Threat statement can further be correlated with Common Attack Pattern Enumeration and Classification (CAPEC) database to determine how adversaries can exploit the weaknesses in applications by exercising potentially identified threats. CAPEC was established by the U.S. Department of Homeland Security in 2007. It contains an evolving list for identifying, collecting, sharing, and refining attack patterns.

Threat identification also plays a significant role in Business Continuity Planning (BCP) program, which involves assessing risks to organizational processes and creating policies and procedures to minimize the impact of those risks. BCP focuses on maintaining the continuity in business operations with reduced infrastructure, and threat statement lists the potential threats that may disrupt the business operations.

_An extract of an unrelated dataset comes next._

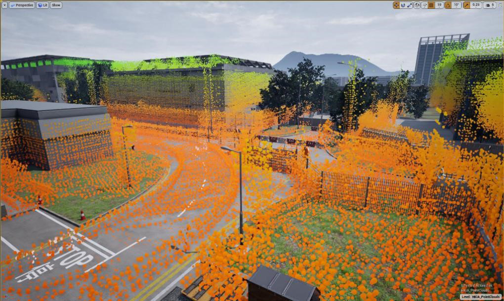 在完成所有的场景模型制作后,便进入场景整合阶段。我们将三维点云数据导入到UE4中,这是辅助我们对现实场景作“1:1”高精度还原的关键。最后,我们还会根据项目所在地的经纬坐标位置,实现不同时间下的光照模拟。

4 Vulnerability and Weaknesses Identification

Vulnerability is the weakness in design, implementation, and security procedures of a system, which when exploited by the potential threats, may result in a security breach or violation of security policy [4]. In the terminated employee example, if his login credentials are not deactivated or removed from the system after termination, it is considered a vulnerability that he can exploit by allegedly logging to the system. Every organization has different types of vulnerabilities depending upon the assets possessed by that organization. Apparently, a different vulnerability identification system is needed to tackle those vulnerabilities.

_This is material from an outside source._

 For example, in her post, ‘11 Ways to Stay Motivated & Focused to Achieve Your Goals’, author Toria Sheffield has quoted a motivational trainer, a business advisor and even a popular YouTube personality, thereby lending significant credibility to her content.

In a typical threat, vulnerability, and risk life cycle, as shown in Fig. 13.4, a threat exploits a vulnerability that poses risks to an organization. These risks can be combatted by planning and deploying safeguards that protect IT resources and assets that are prone to threats [4]. It is pertinent to mention that organizational assets are not limited to IT resources, but they cover all other resources that the organization relies on for its functioning.

Fig. 13.4
figure 4

Threat, vulnerability, and risk life cycle

Full size image

Vulnerability identification process formally analyzes the IT system, security features, and technical, administrative, and operational controls used to protect the system. At the end of this analysis, a list of technical and non-technical system vulnerabilities associated with the IT environment is compiled that could be exploited by the potential threat sources identified in the previous section. Vulnerability identification uses vulnerability sources, security requirements checklist, and system security testing as the primary means of collecting vulnerability information.

4.1 Vulnerability Sources

Several techniques such as questionnaires, on-site interviews, policy, and security document review, and automated scanning tools are used to gather information. These techniques help characterize the IT system. Following additional vulnerability sources can be explored to identify vulnerabilities related to an organization:

  • National Vulnerability Database (NVD) that consists of lists of vulnerabilities and their description.

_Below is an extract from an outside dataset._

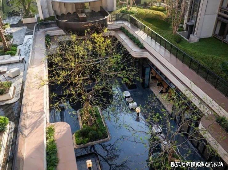 实景呈现的岛屿水院,作为保利天奕五座全球大师花园之一,在银海枣树阵、下沉式庭院、镜面池畔卡座的呼应中,成为未来居者沉浸自然的惬意之地。温柔闲适的落日廊吧,犹如身处海岛之畔,感受蓝调时刻的优雅情调。

  • Common Vulnerabilities and Exposures (CVE) for identifying publicly available known information security vulnerabilities. CVE is a unique identifier for one vulnerability and provides a standard description for that vulnerability. Every vulnerability is assigned a Common Vulnerability Scoring System (CVSS) score that determines the severity of that vulnerability.

  • Common Weakness Enumeration (CWE) for a software or hardware. CWE is community developed.

  • Previous IT risk assessment document, audit reports, system anomaly reports, system test, and evaluation reports.

  • Vendor advisories.

  • Information Assurance and Vulnerability Alert (IAVA) for military systems.

  • Information from Computer Emergency Response Team (CERT) to identify a vulnerability and procedure to exploit and fix a vulnerability.

  • Data breach databases.

4.2 Security Requirements Checklist

A security requirements checklist contains the basic security standards to identify and evaluate the vulnerabilities in IT assets by classifying it into three areas: management, operational, and technical [4]. Management security includes assigning responsibilities, separation of duties, technical training, mandatory vacations, dual control, incident response capabilities, risk assessment plan, authorization, and authentication. Operational security consists of temperature and humidity control, working equipment, electrical and mechanical devices, and storage media. Technical security comprises data protection schemes, intrusion detection, security audits, and communication devices. The outcomes of security requirements checklist are used as input to evaluate compliance and noncompliance to security policies and procedures. A comprehensive checklist provides a clear distinction between different types of system, process, and procedural vulnerabilities that exist in an IT environment.

4.3 System Security Testing

System security testing encompasses two types of testing measures: penetration testing and automated vulnerability scanning tools. Penetration testing is a complete process in which a third party is granted permission to identify and exploit system vulnerabilities and provide a detailed report on what vulnerabilities exist in the system and how they can be exploited. It helps the organization to detect potential failures in the protection mechanisms deployed in the IT system.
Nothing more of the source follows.